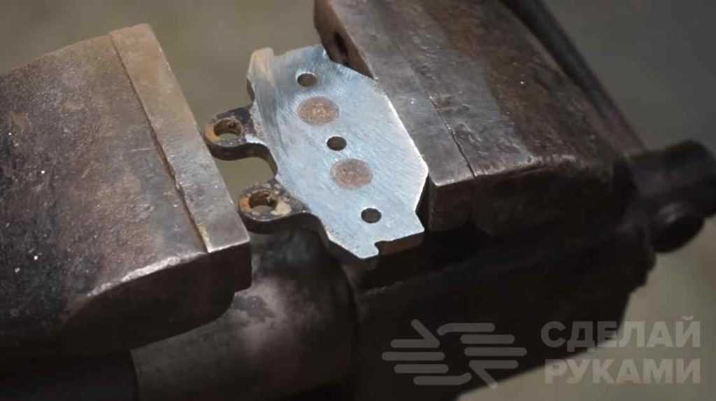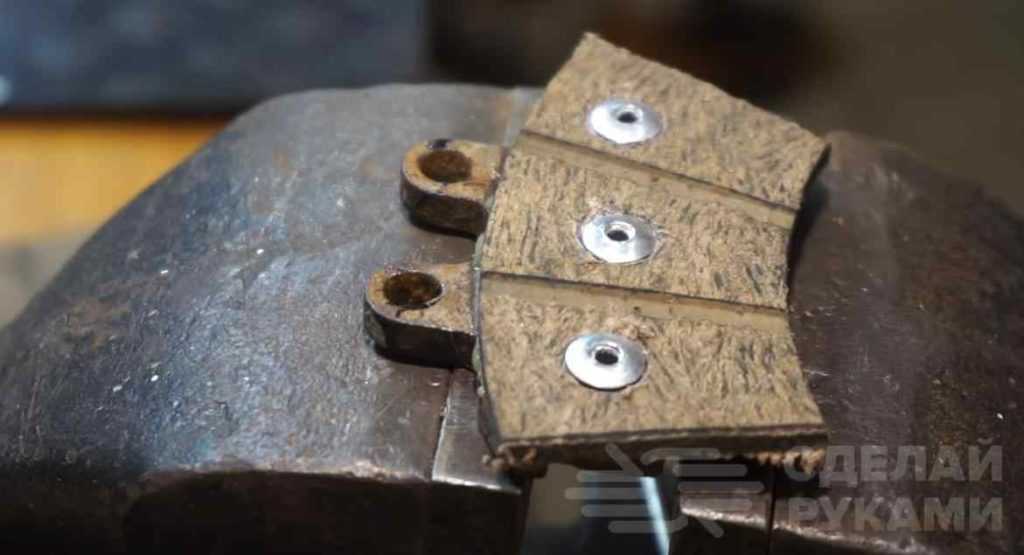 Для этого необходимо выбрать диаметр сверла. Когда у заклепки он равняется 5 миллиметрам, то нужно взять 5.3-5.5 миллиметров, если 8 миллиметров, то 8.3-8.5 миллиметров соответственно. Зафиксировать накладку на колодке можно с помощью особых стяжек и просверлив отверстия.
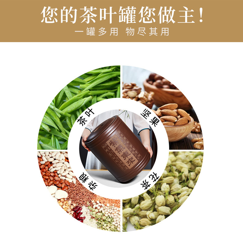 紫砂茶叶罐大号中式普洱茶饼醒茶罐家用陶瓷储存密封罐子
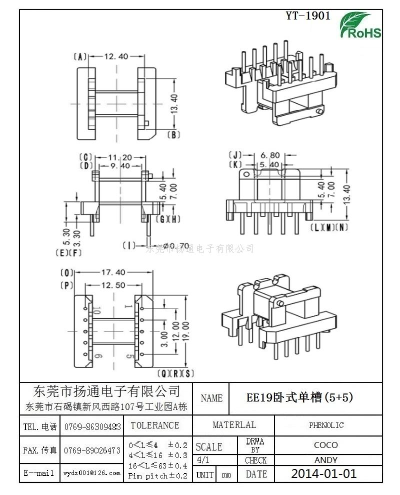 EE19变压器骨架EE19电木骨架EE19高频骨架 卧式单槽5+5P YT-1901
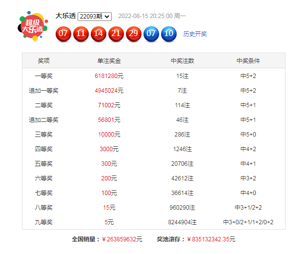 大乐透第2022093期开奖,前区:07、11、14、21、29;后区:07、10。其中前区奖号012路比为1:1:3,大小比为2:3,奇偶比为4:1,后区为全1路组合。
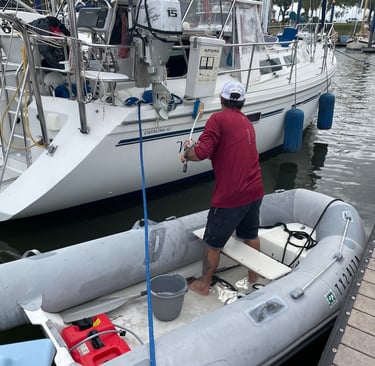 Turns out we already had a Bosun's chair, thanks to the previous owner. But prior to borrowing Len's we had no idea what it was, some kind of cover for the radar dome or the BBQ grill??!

WHAT NEEDS TO BE DONE: This calls for each record above to be set down exactly, with the images skipped.

ANSWER SPACE:
 Для этого необходимо выбрать диаметр сверла. Когда у заклепки он равняется 5 миллиметрам, то нужно взять 5.3-5.5 миллиметров, если 8 миллиметров, то 8.3-8.5 миллиметров соответственно. Зафиксировать накладку на колодке можно с помощью особых стяжек и просверлив отверстия.
 紫砂茶叶罐大号中式普洱茶饼醒茶罐家用陶瓷储存密封罐子
 EE19变压器骨架EE19电木骨架EE19高频骨架 卧式单槽5+5P YT-1901
 大乐透第2022093期开奖,前区:07、11、14、21、29;后区:07、10。其中前区奖号012路比为1:1:3,大小比为2:3,奇偶比为4:1,后区为全1路组合。
 Turns out we already had a Bosun's chair, thanks to the previous owner. But prior to borrowing Len's we had no idea what it was, some kind of cover for the radar dome or the BBQ grill??!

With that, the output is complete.